Synchronization of chaos

M.A. Aziz-Alaoui
Labo. Applied Math., Le Havre University

(Invited paper for) Encyclopedia of Mathematical Physics, Elsevier, Vol. 5, pp :213-226, (2006).

Voir Encyclopedia MP


Chaotic systems can synchronize.

Synchronization is a ubiquitous phenomenon characteristic of many processes in natural systems and (nonlinear) science, it has permanently remained an objectif of intensive research and is today considered as one of the basic nonlinear phenomena studied in mathematics, physics, engineering or life science. This word has a greek root, {syn = common} and {chronos = time}, which means to share the common time or to occur at the same time, that is correlation or agreement in time of different processes (Boccaletti et al, 2002). Thus, synchronization of two dynamical systems generally means that one system somehow traces the motion of another. Indeed, it is well known that many coupled oscillators have the ability to adjust some common relation that they have between them due to weak interaction, which yields to a situation in which a synchronization-like phenomenon takes place.


Roughly speaking, a system is chaotic if it is deterministic, has a long-term aperiodic behavior, and exhibits sensitive dependence on initial conditions on a closed invariant set (the chaos theory has its own entry in the Encyclopedia).

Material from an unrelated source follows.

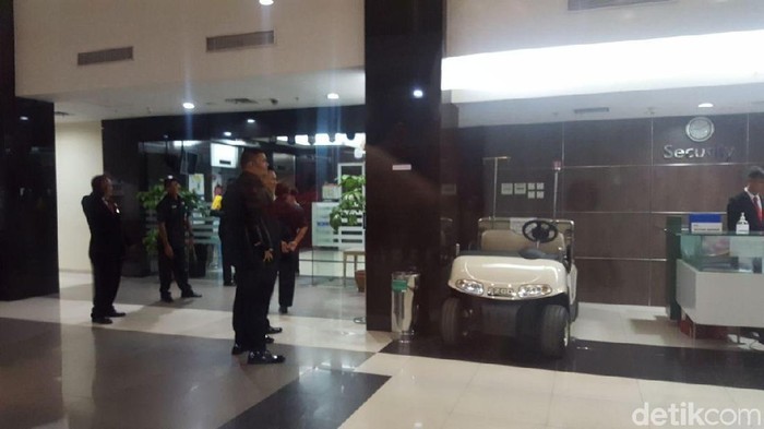 Pantauan di lokasi, Salemba, Jakarta, Minggu (19/11/2017) malam, sekuriti yang berjaga di lobby RSCM diperbanyak. Bila sejak pagi hingga sore hari hanya sekitar 4 sekuriti yang ada di lobi, malam ini ada sekitar 10 orang yang stand by.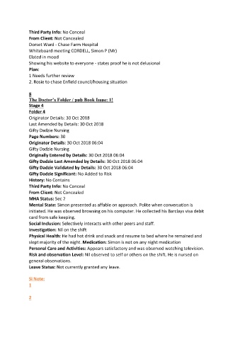 Mental State: Simon presented as affable on approach. Polite when conversation is

Despite this, in the last decades, the search for synchronization has moved to chaotic systems. A lot of research has been done and, as a result, Yamada and Fujisaka (1983), Afraimovich et al. (1986) and Pecora and Carroll (1990) showed that two chaotic systems could be synchronized by coupling them : synchronization of chaos is actual and chaos could then be expoitable. Ever since, many researchers have discussed the theory, the design or applications of synchronized motion in coupled chaotic systems. A broad variety of applications have emerged, for example to increase the power of lasers, to synchronize the output of electronic circuits, to control oscillations in chemical reactions or to encode electronic messages for secure communications.